Excelentes que se afiguram os argumentos de fundo emergentes do parecer do Il. Procurador de Justiça, e mesmo da suscitação, tenho que exame de tal largueza e passível de ingresso, “in casu”, na essência mesma da prestação jurisdicional instrumentada no título em exame, extravasa os limites de atuação administrativa pertinente ao controle da legalidade.

Importa salientar, ainda, que a matéria relativa à admissibilidade de partilha da natureza da dos autos tem merecido, na jurisprudência, posicionamento não uníssono, anotando-se a existência de R. julgados que não hesitam em sufragá-la (cfr., além dos V. Arestos colacionados pela apelante, aquele inserto in R.T. 606/106), o que, com maior razão, recomenda se prestigie a intangibilidade da R. sentença homologatória nesta esfera de cognição formal.

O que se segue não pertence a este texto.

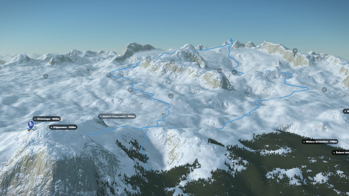 Das Dachsteinmassiv erhebt sich genau an der Grenze zwischen den Bundesländern Salzburg, Steiermark und Oberösterreich. Ausgangspunkt für die wunderschöne, aber kräftezehrende (ca. 7h) Tour ist der geschichtsträchtige Ort Obertraun in Oberösterreich. Mit der ersten Gondelfahrt (für Tourengeher im Frühjahr um 7:30 Uhr) geht es hinauf auf den Krippenstein, von wo aus per Ski in Richtung Gjaidalm (1.788 m) abgefahren wird. Nun werden die Felle angelegt und über flaches Gelände beginnt der erste Anstieg über das Hochplateau des Krippenstein. Die Bundesheerkaserne (1.832 m) wird linkerhand liegen gelassen und weiter geht es über den Rumpler, zwischen dem Niederen und dem Hohen Rumpler hindurch, zum Skigebiet Dachsteingletscher hinauf.

Por derradeiro, já teve o Colendo Conselho, em época posterior à do V. Acórdão invocado pelo suscitante (fls. 08), oportunidade de se pronunciar sobre o tema, restando então firmado que, “até a partilha, com efeito, a meação e a herança são partes ideais e, como já estabeleceu o E. Tribunal de Justiça, nada obsta a que ‘tais partes se definam como sendo o usufruto e a nua-propriedade’, sem que tal implique em doação, pois, diversamente, não passa de ‘simples atribuição das partes ideais’ (RJTJSP, 65/236” (Apelação Cível n.º 2.595-0, de Sorocaba j. 01.08.83, Rel. o Des. Affonso de André).

É do mesmo V. Aresto a assertiva de que, “não havendo doação, inexistiria tributo devido”.

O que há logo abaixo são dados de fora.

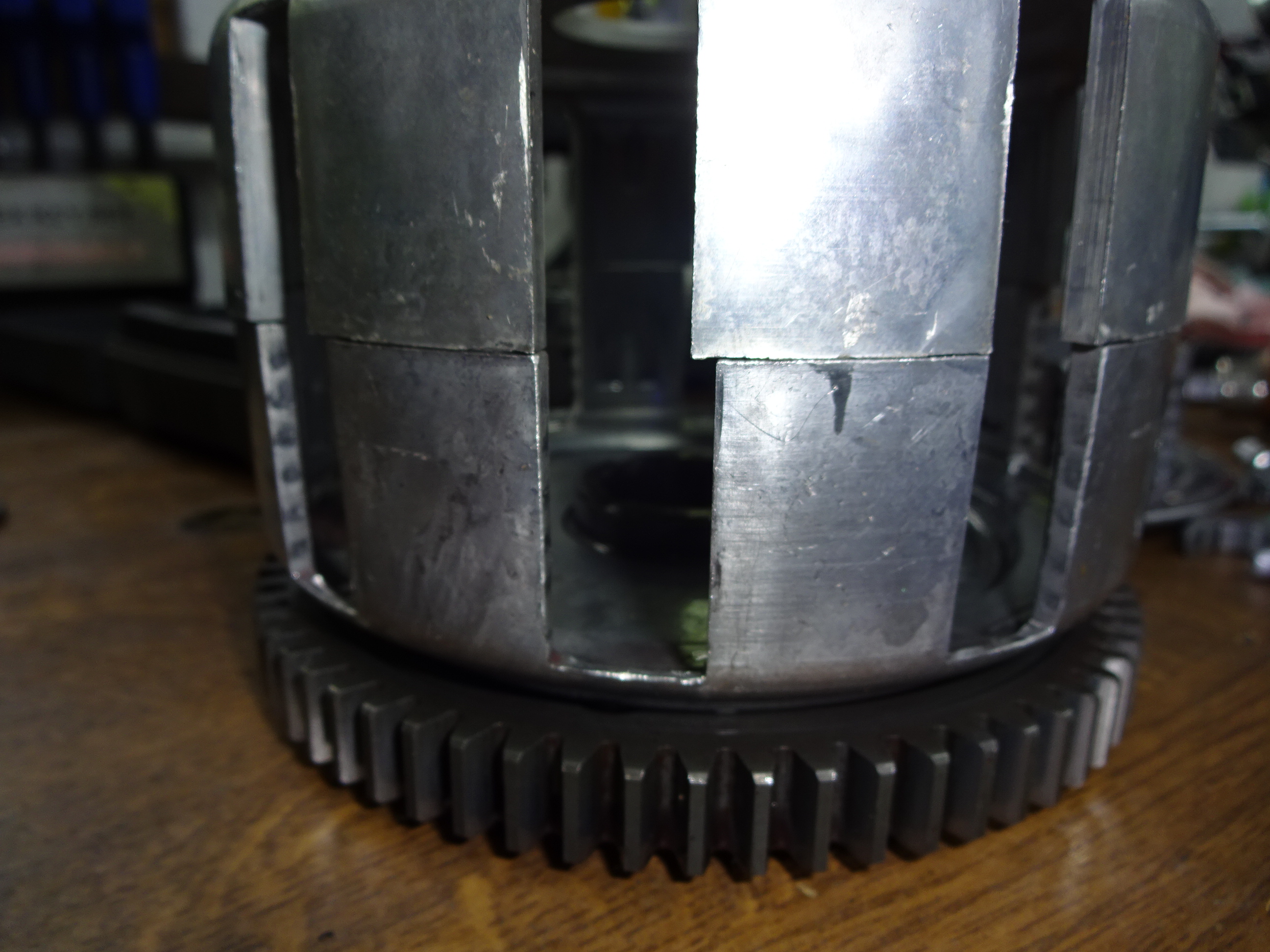 Hier sind man deutlich wieviel Spiel die Reibbeläge im Korb haben

II.d. – Comporta provimento o recurso. Tal não se dá, no entender do signatário, por eventual conclusão no sentido de que seria – ou não – formalmente regular ou hígida a partilha homologada nos autos do inventário. O que induz ao afastamento do óbice anteposto é a constatação de que a questão relativa à forma hábil para a instrumentação de atos jurídicos como os de que cuida a partilha em exame já foi apreciada soberanamente em sede jurisdicional, daí porque, “in casu”, a vedação de acesso ao título por tal motivo implicaria desvio da atribuição cometida à autoridade administrativa, e extravasamento das lindes em que se deve conter o controle registrário da legalidade.

II.e. – Cumpre alertar o Serventuário, por fim, de que lhe incumbirá exigir da parte a apresentação de certidões atualizadas das transcrições de n.ºs 22.167 e 12.241, relativas a dois dos imóveis objeto da sucessão, porquanto aquelas apresentadas datam, respectivamente, de 1951 e 1947 (art. 197 da L.R.P.).

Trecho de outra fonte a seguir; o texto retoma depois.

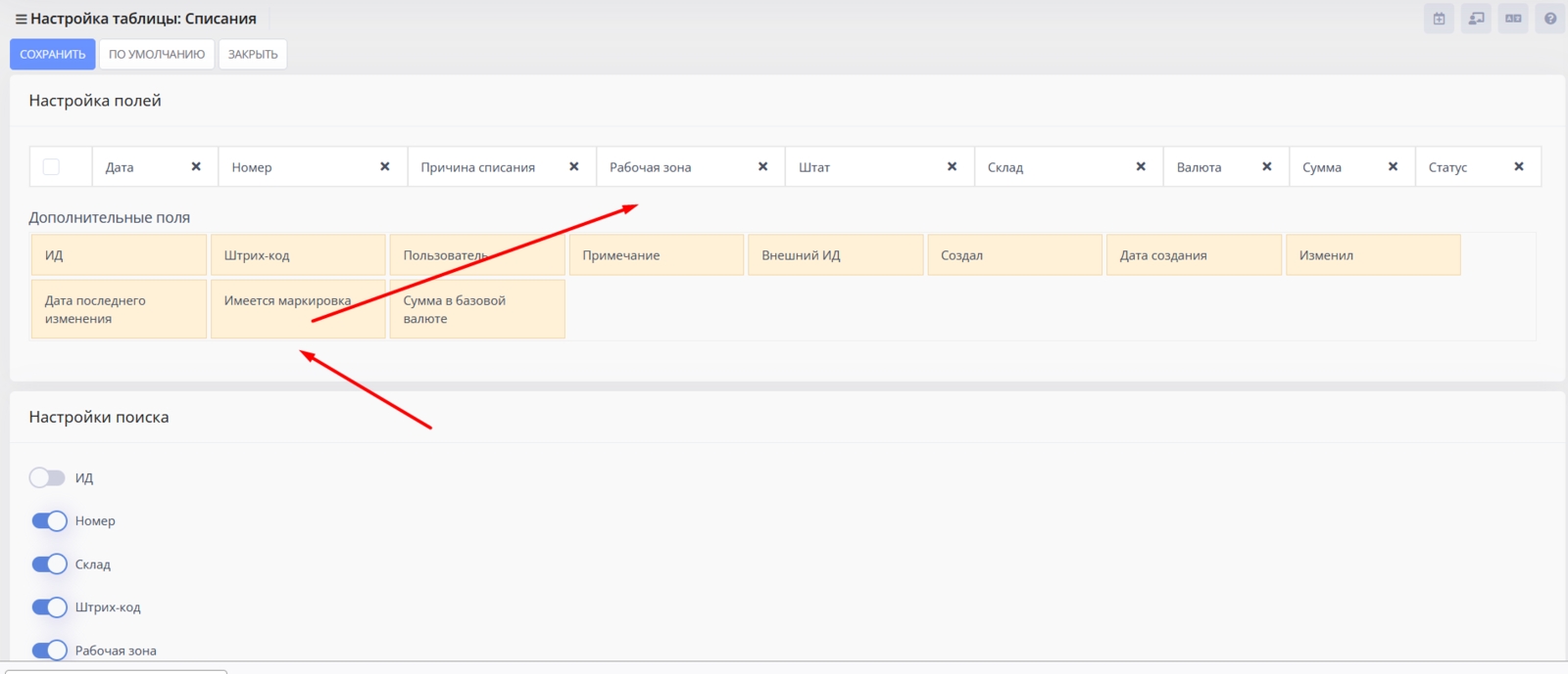 Причина списания — причина, по которой товар списывается со склада (необязательное поле)

III. Pelas razões expostas, o parecer que ofereço à elevada consideração de Vossa Excelência é no sentido do provimento da apelação interposta, para o fim de se julgar improcedente a dúvida inversamente suscitada.

“Sub censura”.

São Paulo, 9 de agosto de 1.988.

(a) AROLDO MENDES VIOTTI, Juiz Auxiliar da Corregedoria

A C Ó R D Ã O

Vistos, relatados e discutidos estes autos de APELAÇÃO CÍVEL N.º 8.597-0/1, da Comarca de SÃO VICENTE, em que são apelantes CONCEPTION CONDE RIBEIRO (invte. do espólio de Eduardo Ribeiro da Cunha) e OUTRO, apelado OFICIAL DO CARTÓRIO DE REGISTRO DE IMÓVEIS E ANEXOS DA COMARCA e interessadas CLARA CONDE RIBEIRO RAMOS e HENRIQUE CONDE RIBEIRO RAMOS.

A C O R D A M os Desembargadores do Conselho Superior da magistratura, por votação unânime, em rejeitar a preliminar e, no mérito, dar provimento.

1) Embora lacônica, a sentença (fls. 118 v.) mencionou as razões do indeferimento, tendo, para esse fim, acolhido os motivos alegados pelo Oficial do Registro. Ademais, como foi decidido, em outra oportunidade, não se aplica à espécie o mesmo rigor do Estatuto Processual Civil (Apelação n. 8.730 – ac. 15.8.1988).

Rejeitada fica a nulidade da sentença.

2) No mérito, é dado provimento à apelação, nos termos do bem lançado parecer do MM. Juiz Auxiliar (fls. 151/157).

Custas na forma da lei.

Participaram do julgamento, com votos vencedores, os Desembargadores NEREU CÉSAR DE MORAES, Presidente do Tribunal de Justiça e ANICETO LOPES ALIENDE, Vice-Presidente do Tribunal de Justiça.

São Paulo, 5 de setembro de 1.988.

(a) MILTON EVARISTO DOS SANTOS, Corregedor Geral da Justiça e Relator.